**DATASET SECTION**

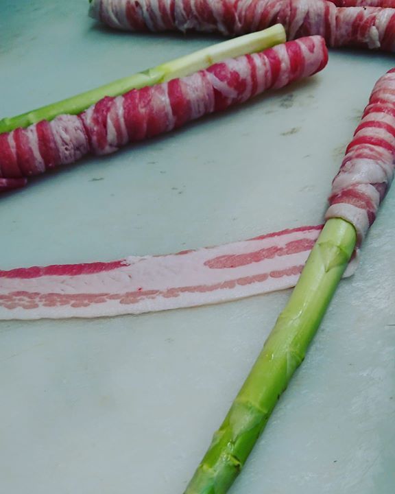 本日の肉巻き串ものは「アスパラ肉巻き270円」「トマト肉巻き290円」「おくら肉巻き270円」(税別)です😀❗
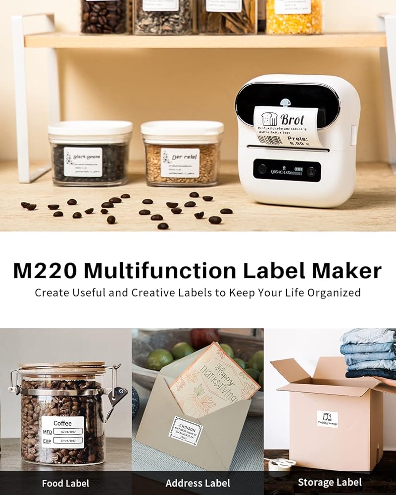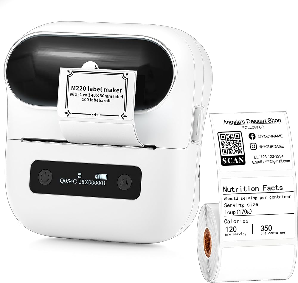 طابعة ملصقات حرارية من Itari Label Maker، طابعة M220 بلوتوث لاسلكية محمولة بدون حبر للرمز الشريطي، والعناوين، ووضع العلامات، والبريد، والأعمال التجارية الصغيرة، وهواتف الدعم والكمبيوتر الشخصي، مع ملصق واحد مقاس 40 × 30 مم
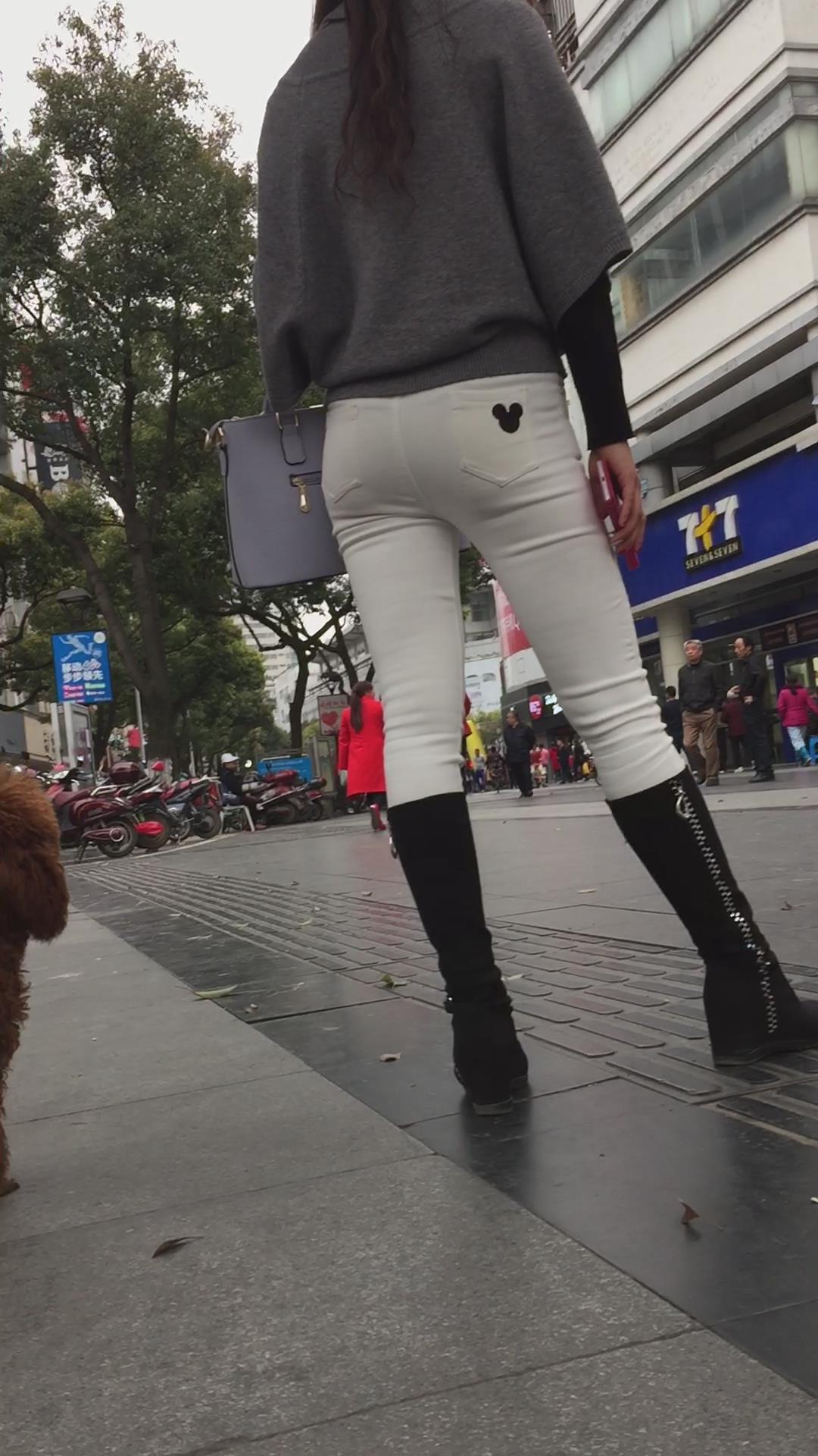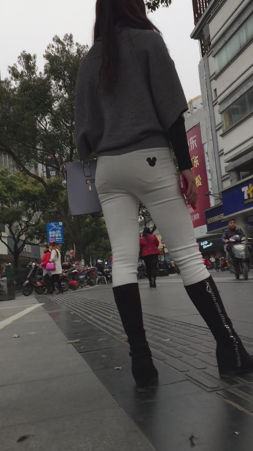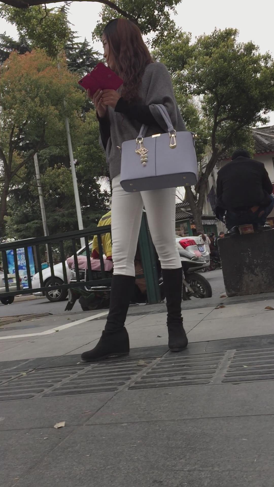 街拍紧身白裤长筒靴美少妇在等密友! 编号5807
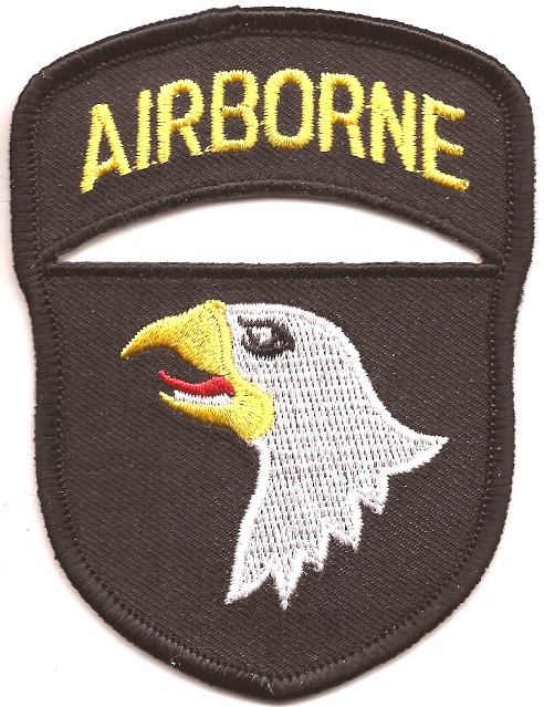 Airborne Patch features a bold black background with a detailed eagle design.

**TASK ITEM**
Skip all pictures. Write out only the lines from the one containing "街拍紧身白裤长筒靴美少妇在等密友! 编号5807" to the end of the listing above, inclusive, exactly as given.

**ANSWER TO THE PROBLEM**
 街拍紧身白裤长筒靴美少妇在等密友! 编号5807
 Airborne Patch features a bold black background with a detailed eagle design.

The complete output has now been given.